■ Material for this exercise
#####

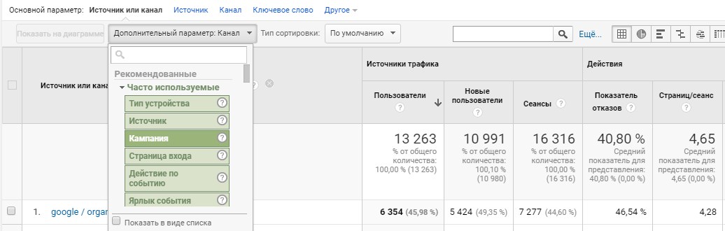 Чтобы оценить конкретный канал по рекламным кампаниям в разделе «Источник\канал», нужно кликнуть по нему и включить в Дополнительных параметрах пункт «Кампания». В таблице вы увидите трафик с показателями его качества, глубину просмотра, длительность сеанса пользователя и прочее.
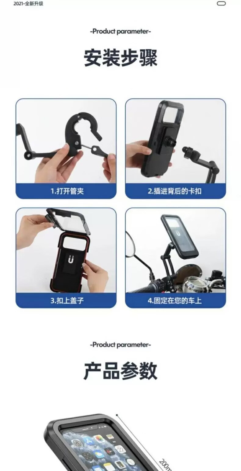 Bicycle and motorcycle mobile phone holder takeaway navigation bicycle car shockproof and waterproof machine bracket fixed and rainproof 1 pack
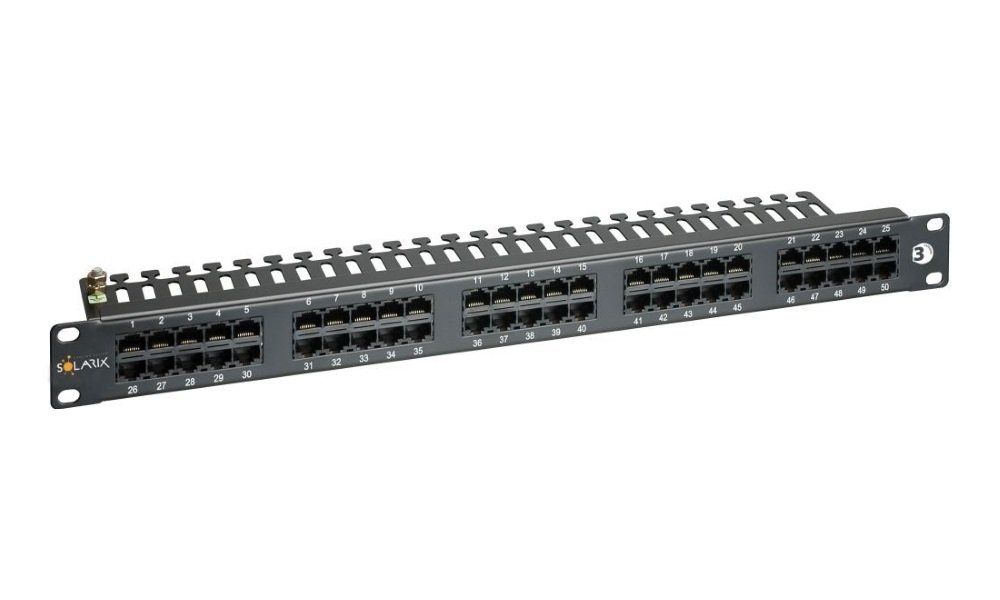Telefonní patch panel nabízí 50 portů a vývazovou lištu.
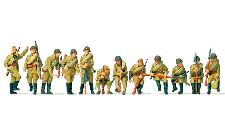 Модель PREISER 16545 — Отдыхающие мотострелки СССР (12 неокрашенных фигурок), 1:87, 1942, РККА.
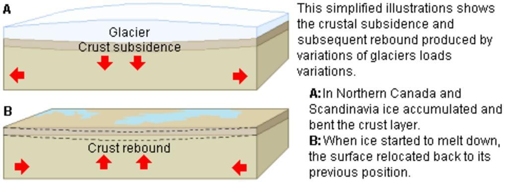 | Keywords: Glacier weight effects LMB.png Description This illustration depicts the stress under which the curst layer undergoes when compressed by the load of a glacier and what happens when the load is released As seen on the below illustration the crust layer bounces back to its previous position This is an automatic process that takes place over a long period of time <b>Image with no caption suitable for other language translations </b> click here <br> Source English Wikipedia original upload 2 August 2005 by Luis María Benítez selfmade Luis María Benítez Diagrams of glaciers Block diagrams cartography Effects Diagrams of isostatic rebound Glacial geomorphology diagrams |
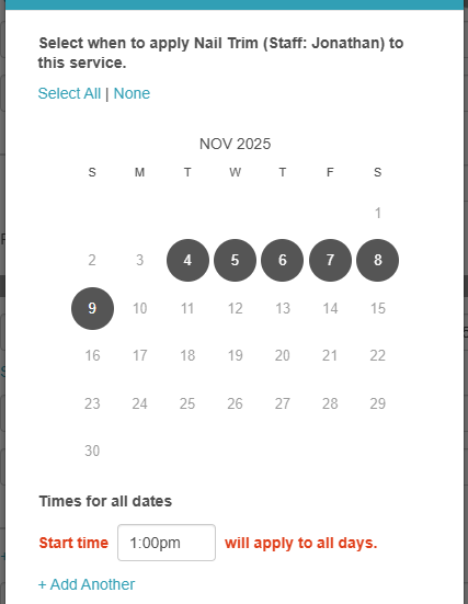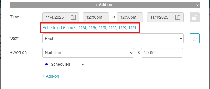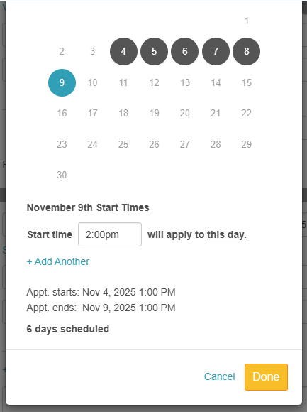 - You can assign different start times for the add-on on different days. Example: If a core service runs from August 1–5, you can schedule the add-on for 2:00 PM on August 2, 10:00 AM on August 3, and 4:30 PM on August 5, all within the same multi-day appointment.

#####

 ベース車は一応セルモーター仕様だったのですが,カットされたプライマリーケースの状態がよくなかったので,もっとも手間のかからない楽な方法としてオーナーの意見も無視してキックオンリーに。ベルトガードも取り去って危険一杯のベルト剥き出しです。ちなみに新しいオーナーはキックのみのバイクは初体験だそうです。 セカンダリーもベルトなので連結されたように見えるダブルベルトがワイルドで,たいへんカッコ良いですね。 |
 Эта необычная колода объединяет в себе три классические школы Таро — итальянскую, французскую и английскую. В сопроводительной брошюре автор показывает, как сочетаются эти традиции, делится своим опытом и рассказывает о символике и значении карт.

#####

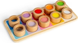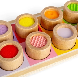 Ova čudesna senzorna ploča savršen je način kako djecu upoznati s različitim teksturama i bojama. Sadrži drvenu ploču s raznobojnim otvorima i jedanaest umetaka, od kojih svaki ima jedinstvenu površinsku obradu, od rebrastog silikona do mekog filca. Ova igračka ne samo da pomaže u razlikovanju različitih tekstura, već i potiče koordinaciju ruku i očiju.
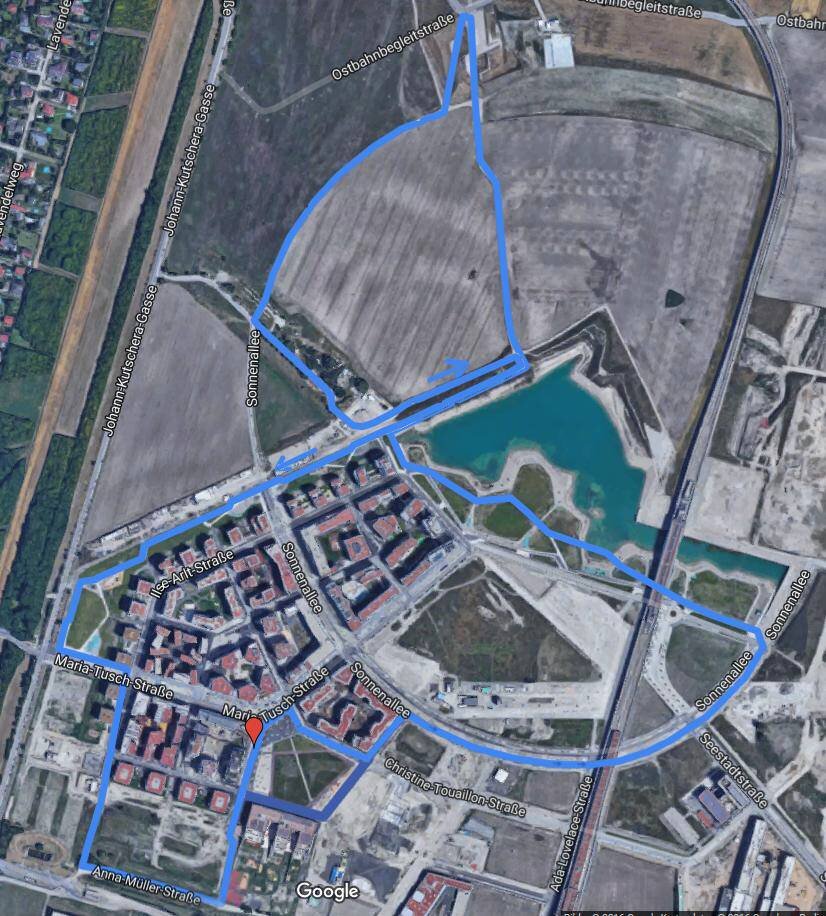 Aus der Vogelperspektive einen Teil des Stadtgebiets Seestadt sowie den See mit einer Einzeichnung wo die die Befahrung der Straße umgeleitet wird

#####

Every line above from the one with "Telefonní patch panel" down to the one with "Модель PREISER 16545" must be written out exactly, and no picture may appear.

■ Exercise output
Telefonní patch panel nabízí 50 portů a vývazovou lištu.
 Модель PREISER 16545 — Отдыхающие мотострелки СССР (12 неокрашенных фигурок), 1:87, 1942, РККА.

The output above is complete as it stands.